Жак присел на скамью и задумался. Чем заслужил он такую участь? Перебирая в памяти события своей жизни, кожевник пытался отыскать хоть что-нибудь могущее оправдать жестокость судьбы к нему. Как волшебном фонаре, перед ним мелькали живые образы прошлого, выгравированные резцом памяти.
Прежде всего он вспомнил свою женитьбу на Мадлене. Что за радужная картина! Яркий солнечный свет заливал их крохотную мансарду. Как весело щебетали птицы, когда наутро после свадьбы он проснулся рядом со своей женушкой! Как она была мила в белой кофточке и красной юбке, темноволосая, чуточку растрепанная… Трудолюбивая, словно пчелка, она поднималась рано утром, стараясь его не разбудить, и спешила растопить печурку, чтобы вскипятить молоко к завтраку. Как он любил свою дорогую Мадлену! И он мысленно перечислял все ее достоинства, столь милые его сердцу. Она работала не покладая рук и притом всегда была в хорошем настроении, всегда у нее находилось шутливое словцо. Она вовсе не напоминала сварливых жен, от которых хочется сбежать к гулящим девкам… А какая это была превосходная мать! Всегда с детьми. Он обещал сделать ее счастливой… Сдержал ли он эту клятву? Как относился к жене? Мог ли, положа руку на сердце, в чем-либо себя упрекнуть? Нет! Раза два он вернулся домой немножко навеселе после пирушки с приятелями, да в первое время несколько пустяковых сцен, вызванных ревностью, – вот и все. Никогда никаких ссор, решительно никаких! Чем дольше они жили вместе с Мадленой, тем больше он любил ее.

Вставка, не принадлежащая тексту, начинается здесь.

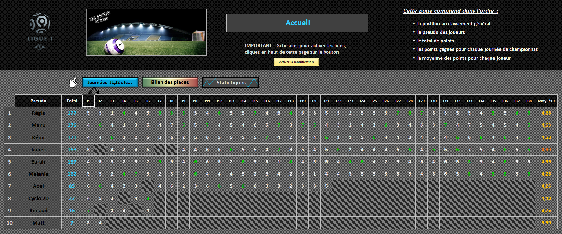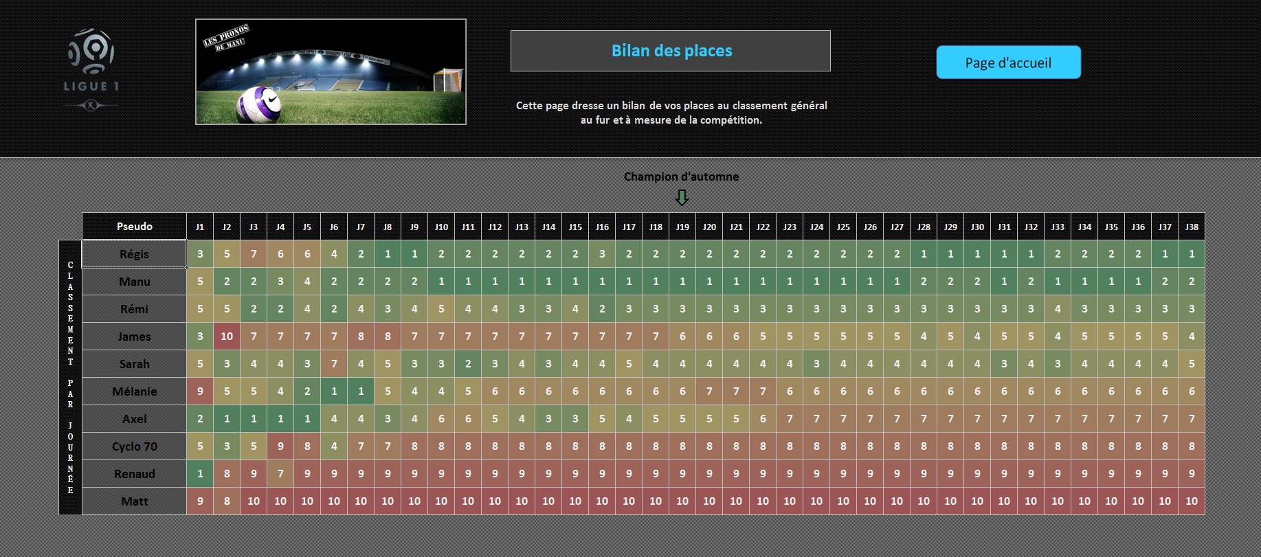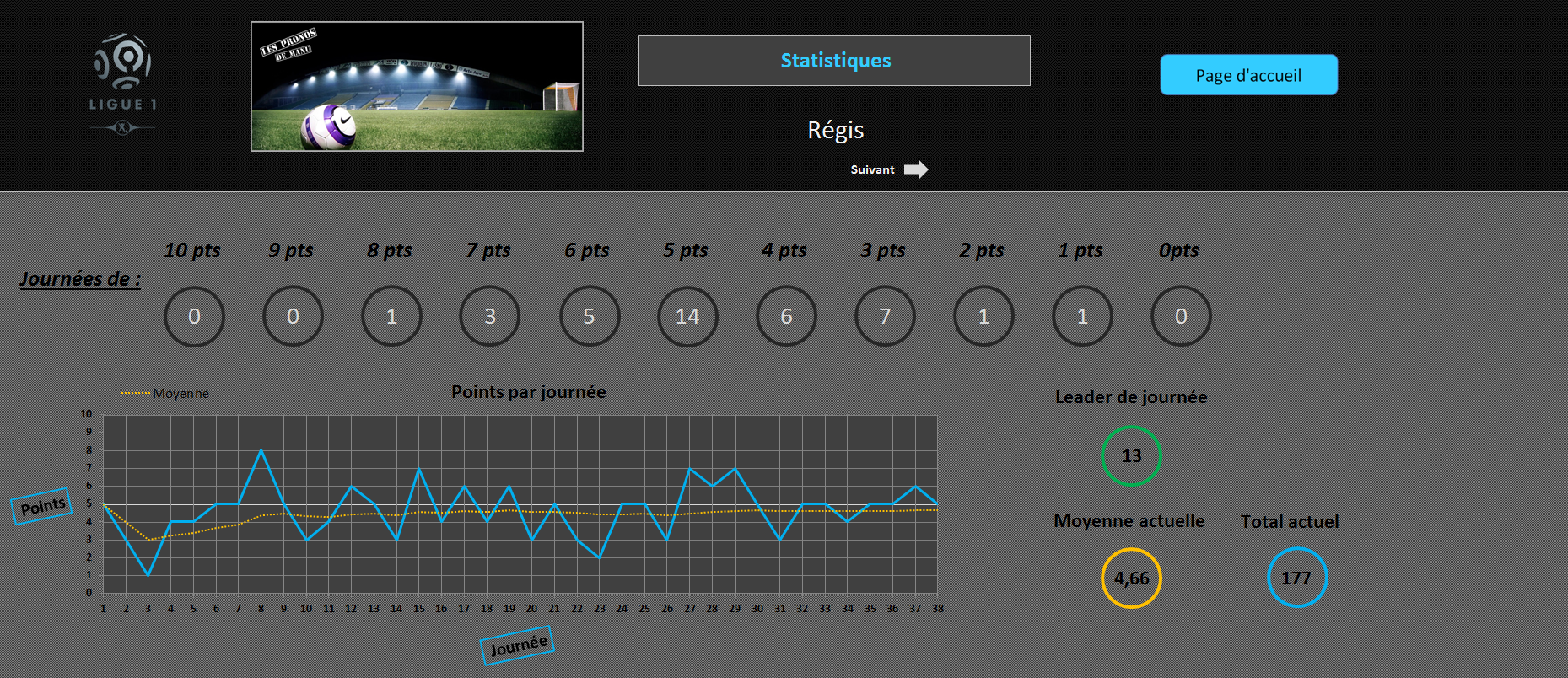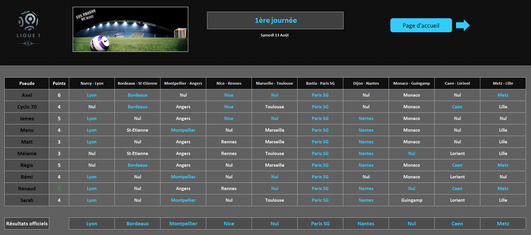 "Les Pronos de Manu" version Ligue 1 est un jeu de pronostics réalisé sur une saison complète du championnat français.

Исполнил ли он свой сыновний долг? Да, исполнил. Мать умерла у него на руках, благословив его, пожелав ему и Мадлене в награду за их любовь к ней таких же хороших детей, какими были они.
А когда появилась семья, а вместе с нею нехватка в деньгах, разве не работал он по семнадцать часов в сутки, чтобы прокормить малюток и дать жене возможность оставаться с ними? Да, еще засветло он уже стоял у чана с кожами, а домой возвращался поздно ночью, усталый как вьючное животное, так что у него едва хватало сил поесть и раздеться; после этого он сразу же засыпал тяжелым сном. Ему одному приходилось нести на своих плечах все заботы о семье, и у него не было других радостей, кроме воскресных прогулок с женой и детьми. Но это случалось редко, дети часто хворали, работы не хватало, в двери стучалась нужда… И все-таки Жак не сетовал, стойко перенося все лишения и даже не задумываясь над тем, что он является жертвой общественной несправедливости. Мысль о том, что бедные могут восстать против богатых, пришла ему в голову лишь в ссылке благодаря беседам с людьми, твердо убежденными, что судьба пролетариев зависит от них самих и что пролетариат – самый многочисленный класс – может устроить свою жизнь по-иному.
Но и в ссылке Жак был далек от каких-либо действий: он только размышлял. Так неужели же за это его хотели наказать?
Бродар перенесся мысленно в Новую Каледонию. Ему припомнился океан, огромные валы, разбивающиеся о подводные рифы, мощные циклоны, вырывающие с корнем деревья, и он подумал о том, как много общего между человеком и стихией. Быть может, пытаясь все разрушить, она тоже восстает против владычествующих над нею законов? Кто знает, каким тайным импульсам повинуются порывы урагана?
Пребывание в Каледонии открыло ссыльному глаза на многое. Он вспомнил, как, равнодушный к великолепию первобытного ландшафта, озаренного непривычно ярким солнцем, поднимался он на холм, где находилось почтовое отделение, в нетерпеливом ожидании письма от Анжелы или Огюста. Иногда в конверте он находил двадцать су почтовыми марками… Милые дети! Они лишали себя самого необходимого, чтобы сэкономить отцу на курево! Но Жак бросил курить. Ибо человек, движимый высокими побуждениями, способен сделать все, что захочет. Он откладывал присылаемые деньги, чтобы потом порадовать всех гостинцами… О черт, ведь как раз на днях должен прибыть сундук с подарками, – все его сбережения за годы ссылки, – а он в тюрьме!
Письма жены и детей, которые он хранил при себе, во время ареста почему-то были отобраны. Нет ли тут какого-нибудь подвоха? Там, на полуострове Дюко[37]37
Полуостров Дюко – находится в западной части Новой Каледонии.
[Закрыть], он не раз слышал, как товарищи возмущались нарушением тайны переписки. Рибур и Алейрон[38]38
Рибур и Алейрон – коменданты поселений коммунаров в Новой Каледонии, жестоко притеснявшие ссыльных.
[Закрыть], вероятно, боялись, что в письмах разоблачаются их злодеяния. Однако палачи могли быть спокойны: жертвы их спали вечным сном на парижских кладбищах за шесть тысяч лье оттуда.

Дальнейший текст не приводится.